Para entender a importância dos fatos e sua possível extensão, será preciso responder a questões amplas que se acham presentes, cultural e socialmente, no espiritismo brasileiro, a começar por uma necessária compreensão de que a doutrina roustainguista, defensora do pensamento heterônimo oposto ao pensamento autônomo expresso em Kardec, carreou para o meio espírita não simplesmente dissensões entre homens, mas profundas marcas cuja supressão não se dará, se o der, num espaço curto de tempo. Essas marcas se expressam por uma cultura que contaminou de maneira inequívoca a proposta dos Espíritos interpretada por Kardec, desenvolvendo um caldo de contradições que não se escoará senão com mudanças que demandam tempo, vontade e coragem.

A primeira pergunta está respondida com a eliminação de Roustaing dos Estatutos da FEB. Mas esta mudança é a coisa mais simples e menos importante de quantas são necessárias, embora tenha demorado mais de século para ocorrer. A da mudança cultural necessária à produção de efeitos duradouros será respondida apenas com o tempo. Entre elas, surgem outras questões tão graves quanto: a mudança estatutária é feita a partir do reconhecimento por parte da FEB do erro doutrinário em que incidiram? Ou simplesmente para atender ao pedido de troca de uma camisa suja por uma limpa, sem, contudo, tratar do corpo doutrinário adoecido? Se, porventura, a FEB estiver consciente do erro fará conhecer o movimento todo de modo direto e transparente dessa nova consciência, propondo mudanças amplas e necessárias à correção dos rumos?
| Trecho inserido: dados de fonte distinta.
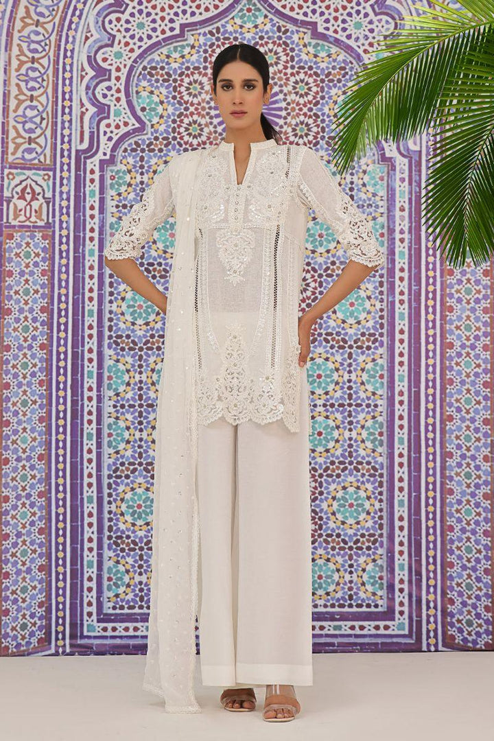 Rizwan Beyg - Selini Short Shirt - Irish Linen - White - 2 Piece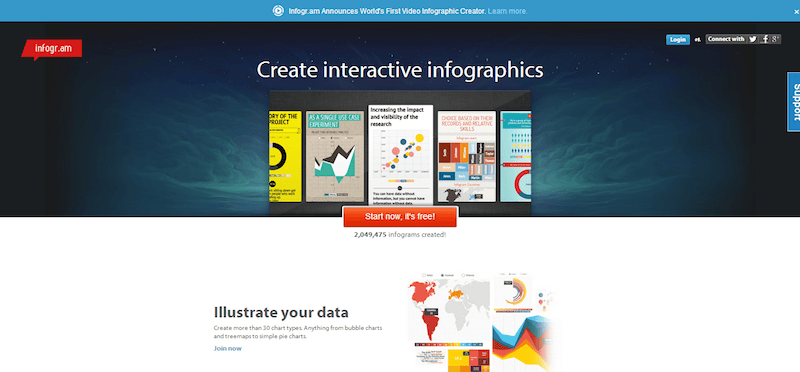 The most famous tool to build your own infographics, with great templates and illustrative elements such as graphs, maps, boxes and demographic representations. Design is the best, even though content production features and diversity of possibilities to actually produce what you envision are quite limited.

Se, entretanto, a FEB está agindo protocolarmente e politicamente, para sustentar por mais tempo o poder em suas mãos, sem nenhuma pretensão de extirpar o nódulo canceroso, tudo continuará como antes e a contradição entre a autonomia e a heteronomia prosseguirá alimentando a mentira na sua luta contra a verdade.

As consequências da adoção das teses anti-doutrinárias de Roustaing que desembocam na dominação são mais evidentes e desastrosas, de forma coletiva, do que se imagina. Contra a doutrina que destaca a Autonomia uma outra contrária se fez prevalecer, direcionando indivíduos e centros espíritas à subserviência e modulando de maneira inequívoca a sustentação da religiosidade amesquinhada, retrógrada, dependente, que hoje se manifesta por todos os lados, tornando ilhas isoladas as manifestações amparadas apenas e tão somente na proposta de Allan Kardec.

A heteronomia prevalecente mantém a direção de um espiritismo como religião instituída, contra tudo e contra todos os intérpretes dos significados colocados por Kardec, cuja compreensão do que representam as religiões tornou claras as oposições. A religião instituída é causa de dominação, enquanto o espiritismo é uma proposta de autonomia como base de evolução ou progresso. Aliada dos heterônomos, a FEB construiu todo um arcabouço ao longo dos mais de 100 anos de história, arcabouço sobre o qual se erigem ideias que vão de encontro às petições de autonomia amparadas nas Leis Naturais.

A instituição proeminente do espiritismo brasileiro, que tomou sobre si a condução dos rumos do movimento, trabalhou muito mais para manter o poder do que para colocar o espiritismo na rota das grandes ideias. Cuidou desde cedo de fazer prevalecer suas propostas coibindo e desestimulando ações progressistas. Colocou-se contra os eventos que poderiam causar-lhe desconforto, mesmo sabendo que eles eram necessários ao progresso do espiritismo. Condenou congressos até o momento em que os condicionou aos seus interesses, contribuindo para o estado deles nos tempos atuais, em que são eventos festivos, coloridos pelo consumo de bens e mitos.

O que se espera da FEB, quando decide alterar os seus Estatutos é a coragem de romper com o passado, assumindo os erros. Igual comportamento se espera daquelas instituições que, obedecendo ao comando da FEB, ajudaram a descaracterizar a doutrina da autonomia e instituir o seu contrário. Mas isso só o tempo dirá.